Cette étude est petite, mais elle suggère que le risque de cancer chez les hommes ayant une numération plaquettaire >325 × 109/l dépasse 3 %. Pour les femmes, ce chiffre est de 375 × 109/l, bien que pour des valeurs plaquettaires comprises entre 350 et 374 × 109/l, le risque soit de 2,8 % (IC 95 % 1,6 à 4,4), ce qui reste supérieur au niveau auquel les patients souhaiteraient une investigation (15). Cela suggère que les cliniciens devraient envisager un diagnostic de cancer chez les patients dont le nombre de plaquettes est supérieur à ces valeurs. Cela pourrait conduire à un diagnostic plus précoce, potentiellement à un stade plus précoce de la maladie, si le patient est orienté vers des examens complémentaires plus tôt qu’il ne l’aurait été si la numération plaquettaire élevée n’avait pas été reconnue comme un marqueur de risque. Un clinicien recevant une numération plaquettaire élevée et normale doit examiner les raisons pour lesquelles le test a été effectué et les symptômes persistants signalés par le patient. Cette découverte n’est actuellement qu’un indice d’un éventuel cancer.
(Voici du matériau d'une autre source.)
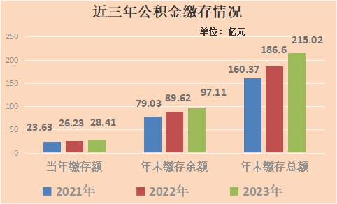 2023年,市公积金中心深入实地调研,召集各大行业协会座谈,积极开展常态化缴存扩面工作,持续推进机关事业单位缴存基数规范,抓细欠缴催收,推进归集扩面。全市实缴单位2860个,实缴人数15.6万人,同比分别增长7.00%、2.85%;缴存额28.41亿元,同比增长8.30%。截止2023年末,缴存总额215.02亿元,缴存余额97.11亿,分别增长15.23%、8.36%,近几年来缴存金额保持持续增长态势。
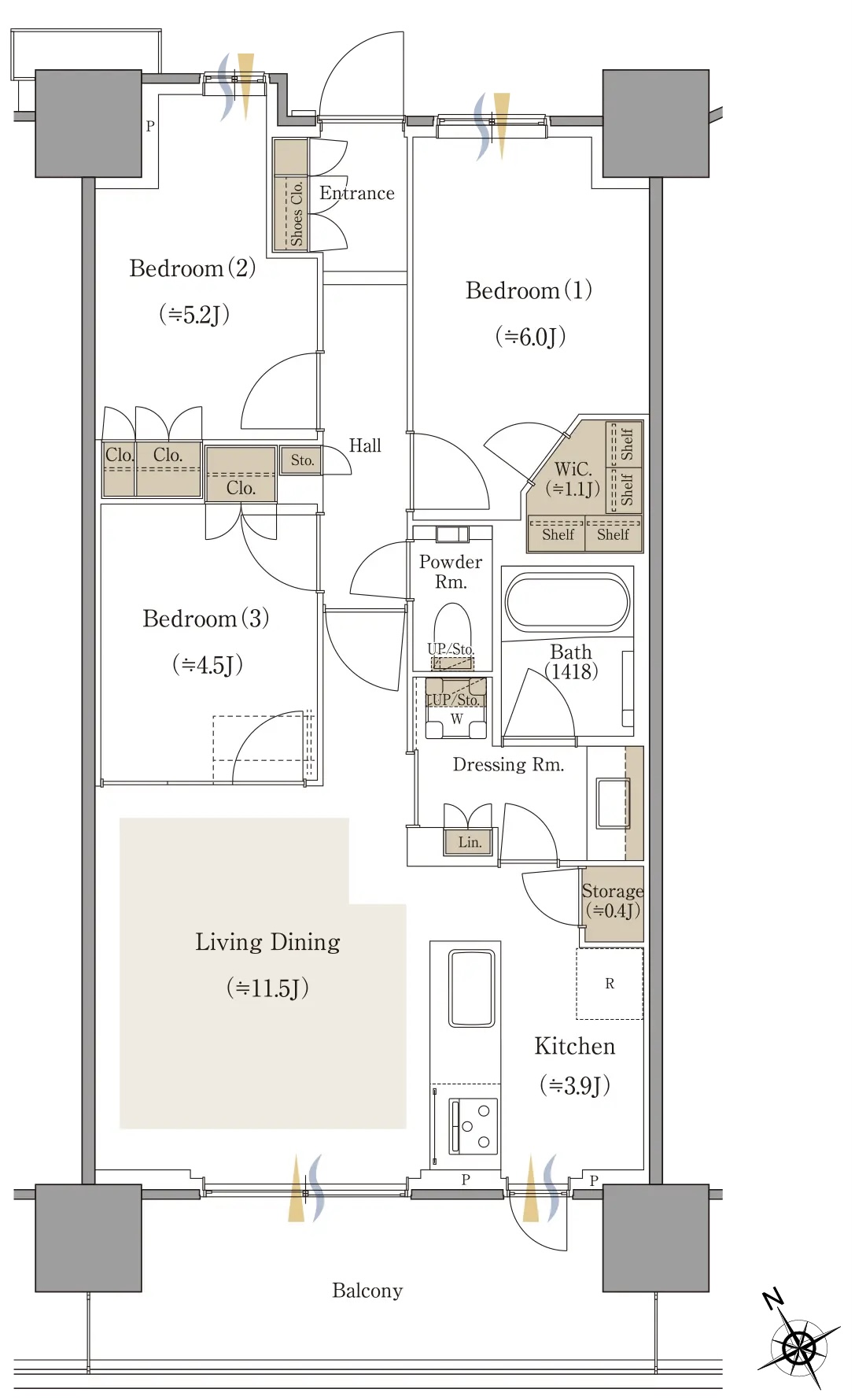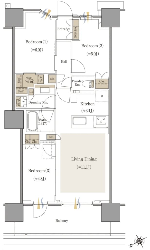 Dseタイプ 82.76㎡ 3LDK 南南西向き

Jusqu’à ce que les résultats soient reproduits dans un échantillon beaucoup plus large, et que les cancers spécifiques soient délimités plus en détail avec des données sur le stade au moment du diagnostic, une recommandation générale d’investigation serait prématurée.

Déclaration

Financement : L’unité de recherche politique sur la sensibilisation au cancer, le dépistage et le diagnostic précoce reçoit un financement pour un programme de recherche du programme de recherche politique du ministère de la Santé. Il s’agit d’une collaboration entre des chercheurs de sept institutions (Queen Mary University of London, University College London , King’s College London, London School of Hygiene and Tropical Medicine, Hull York Medical School, Durham University et University of Exeter). L’OCU est soutenu par le National Institute for Health Research (NIHR) Collaboration for Leadership in Applied Health Research and Care South West Peninsula. Les opinions exprimées sont celles de l’auteur ou des auteurs et ne sont pas nécessairement celles du National Health Service (NHS), du National Institute for Health Research (NIHR) ou du Department of Health.

Approbation éthique : L’approbation du comité d’éthique a été donnée par le comité consultatif scientifique indépendant du Clinical Practice Research Datalink : numéro de référence 13-007.

Conflit d’intérêts : WH est un éditeur associé de Family Practice. Les auteurs ne déclarent aucun autre intérêt concurrent.